A Small Place Chapter 1 Summary

  • We open on an unnamed narrator talking to a tourist (referred to as "you") who has just arrived in Antigua, a small island in the Caribbean.
  • The tourist goes through customs easily, lucky to be a resident of a wealthy country and not an Antiguan native who would be harassed at every step during this procedure.
  • The tourist exits the airport and comments on how Antigua is "more beautiful than any of the other islands" (1.1). The tourist is psyched: This is way more exciting than his/her boring life back home.
  • After haggling with a cabbie over fare, the tourist is swept down a "very bad road" (1.2) to his/her hotel. Oddly, the tourist loves these decrepit roads because they're a nice change of pace from the perfect roads back home. Because that makes sense, right?
  • The tourist wonders why there are so many fancy Japanese cars on the road. The truth is unsettling: The government (which owns the banks) provides financing for vehicles but not houses, forcing Antiguans to live in substandard conditions while ensuring that tourists get the hoity-toity rides they need.

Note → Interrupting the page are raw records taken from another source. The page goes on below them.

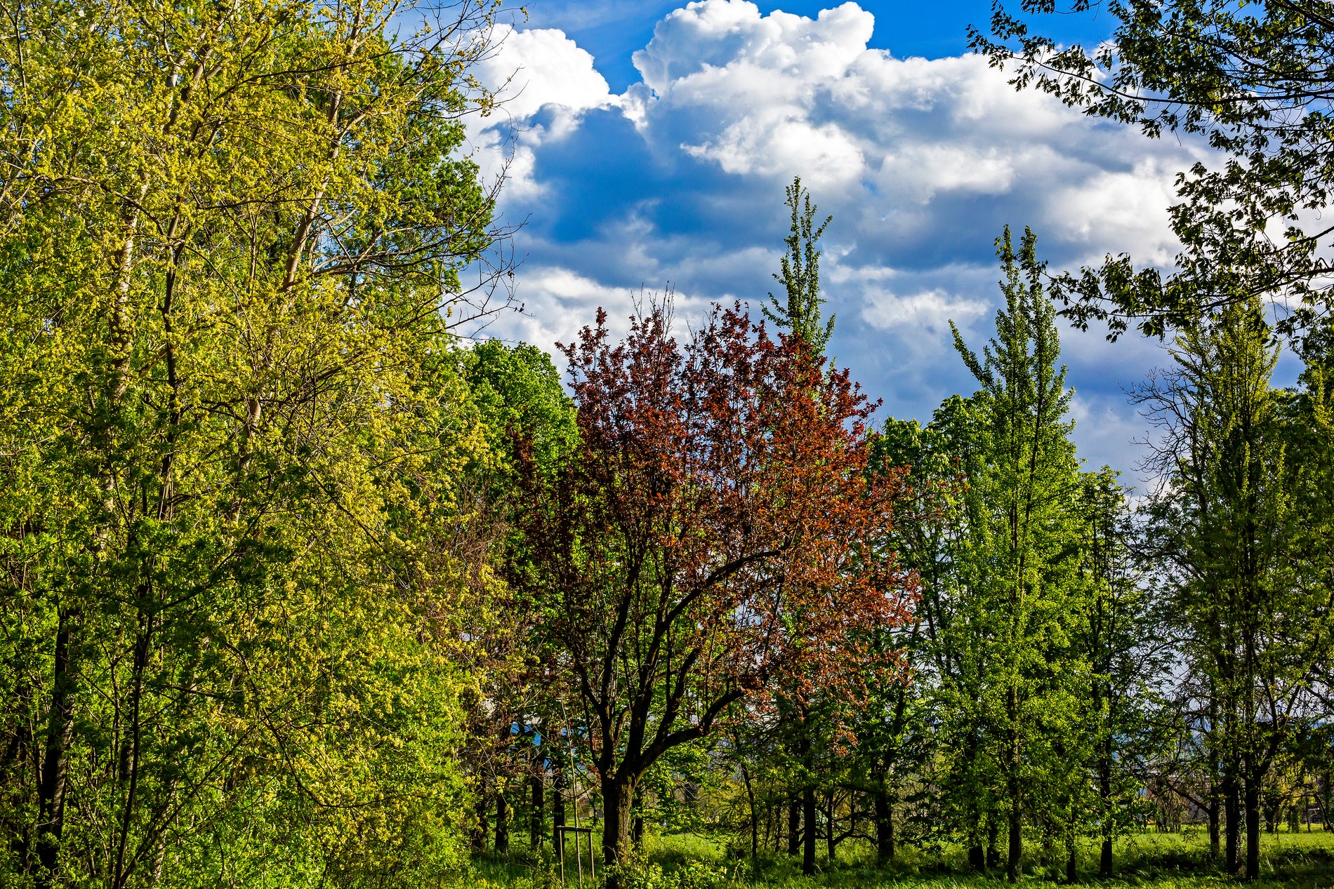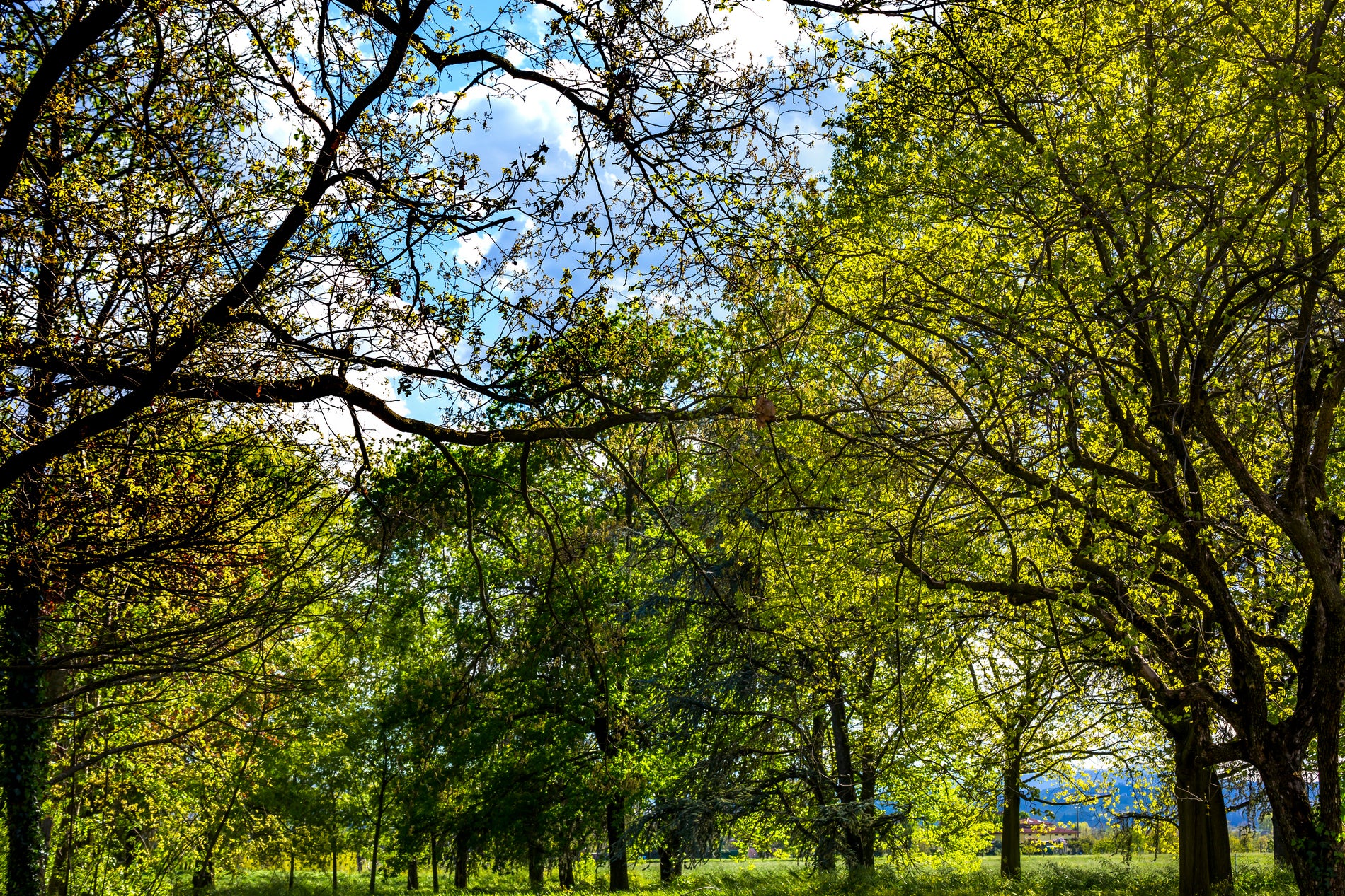 I rami degli alberi si intrecciano in un abbraccio protettivo e la luce del sole filtra attraverso le foglie, creando un gioco di luci e ombre suggestivo.
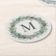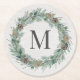 Rustic Winter Greenery Monogram Initial Wreath Round Paper Coaster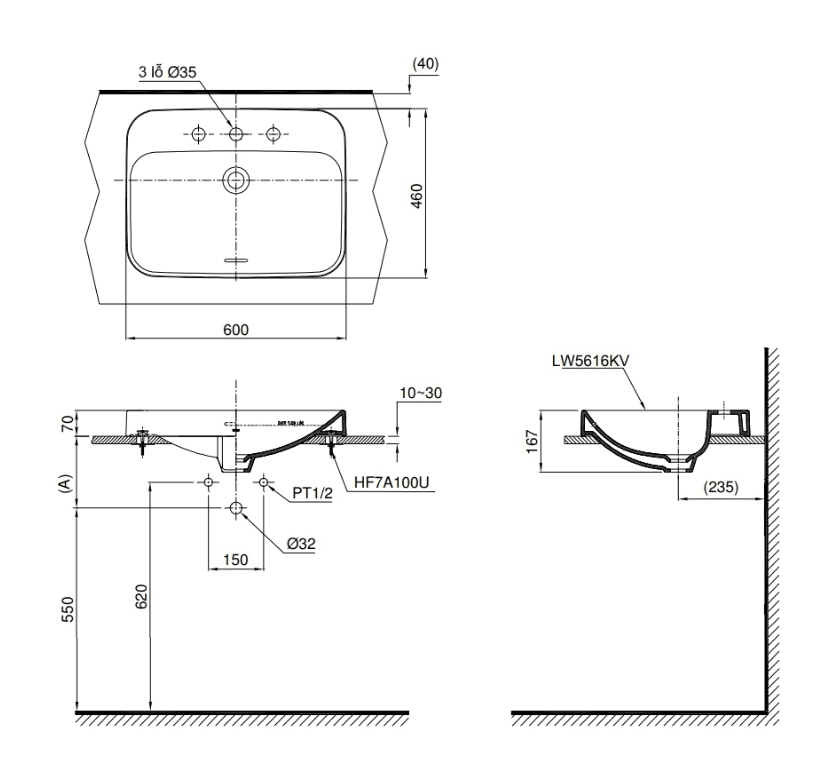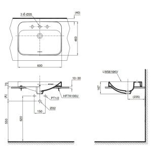 Bản vẽ Chậu Rửa Mặt TOTO LT5616#XW Đặt Bàn 3 Lỗ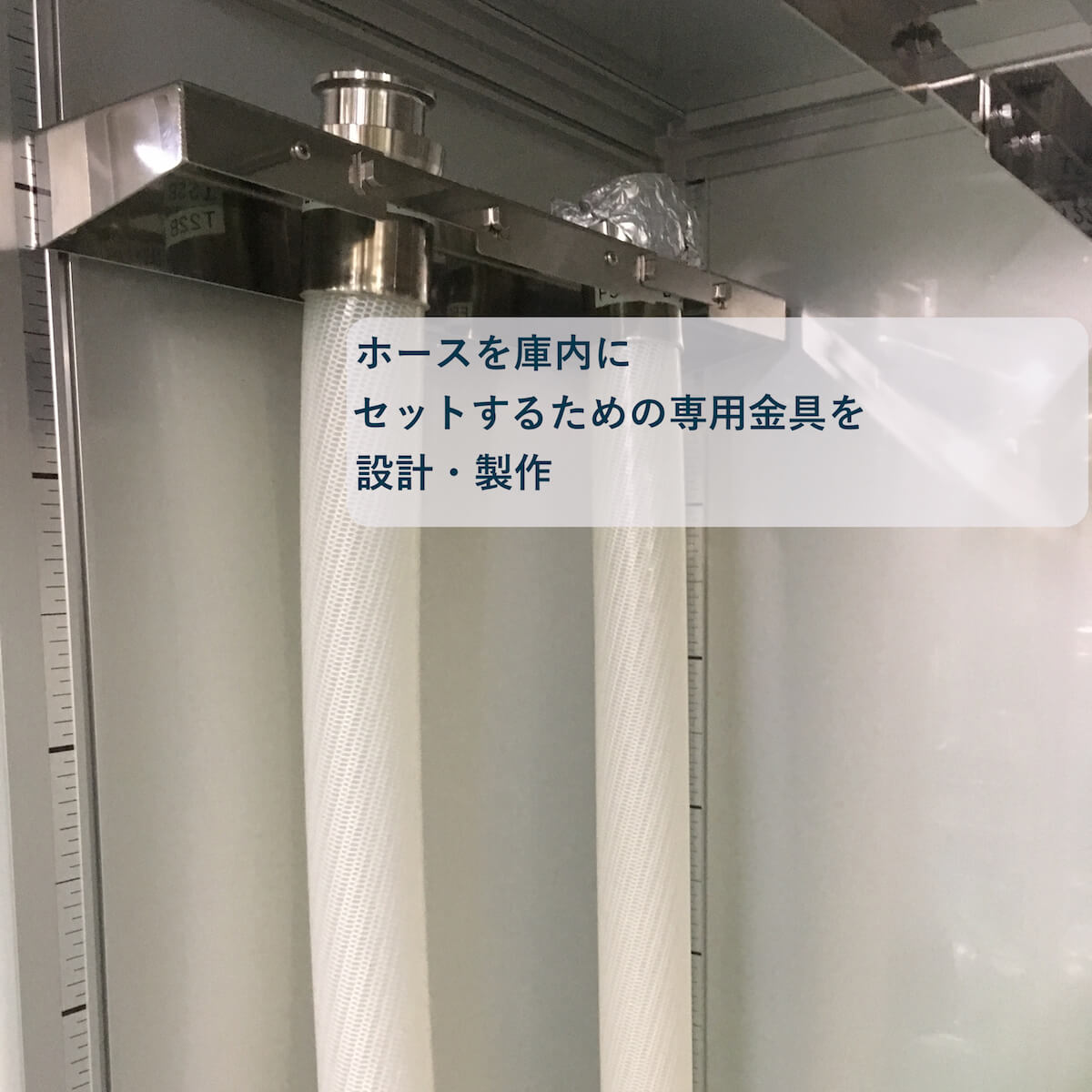 - ホースを庫内にセットするための専用金具も設計・製作。
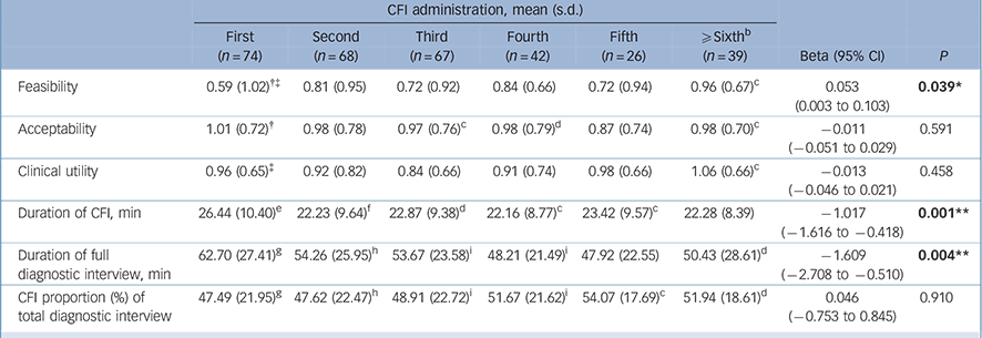 Duration of the full diagnostic interview also decreased significantly albeit more gradually. By the last administration, the duration of the full intake assessment, including 22 min for the CFI, was 50 minutes. This is comparable to the time required for an initial assessment in many mental health settings. In the USA, for example, average duration of community-based psychiatric visits (initial and follow-up combined) was 32–38 min in 1989–2006; Reference Mechanic, McAlpine and Rosenthal38–Reference Olfson, Marcus and Pincus40 intakes are often 45–50 min. Our study found substantial international variation in intake duration. Some of this variation may derive not only from resource constraints – few clinicians for many patients – but also from clinic characteristics. The sites with the longest intakes (Canada and The Netherlands) included specialised programmes for immigrants and refugees, whereas most other sites operated in general community clinics. Sites also differed significantly in the proportion of total interview time devoted to the CFI, yet all were able to integrate the CFI into routine intake procedures. The proportion of the interview devoted to the CFI increased slightly with experience, suggesting clinicians continued to find it useful and that the information it yielded was relevant to other aspects of the diagnostic interview, inasmuch as less time was required for the overall interview as a practice effect.

  • They pass several buildings, including the hospital (famous for being terrible) and the old Antigua Public Library. The library was seriously damaged in the earthquake of 1974 and still hasn't been fixed.
  • Not long after this earthquake Antigua won its independence from England. The tourist (and the West, as a whole) likes to take credit for any success that Antigua has achieved, but the narrator refers to this twisted mentality as "the last straw" (1.3) for her.
  • The cab passes several mansions—one owned by a family of Middle-Eastern merchants, another by an infamous drug dealer, and another by a lady who gets up close and personal with a high-ranking government official. Charming.
  • Oddly, the roads surrounding the drug dealer's mansion are pristine—even nicer than "the road that was paved before the Queen's visit in 1985" (1.3) to make her think that the country was well-cared for.
  • Exhausted from all this darn thinking, the tourist zones out until s/he arrives at the hotel.
  • The narrator then states, rather plainly, that tourists are bad people. She's not saying that they're bad in their everyday lives, but only that their actions as tourists end up hurting the places they visit.
  • The tourist is jealous of the natives because of their so-called simple lives, but this self-centeredness prevents him/her from realizing the harm that s/he is doing.
  • But the truth is that the natives are jealous, too—they wish that they were the ones who could afford to take a nice vacation. But they live in a poor country, so they're forced to be entertainment for people wealthier than them.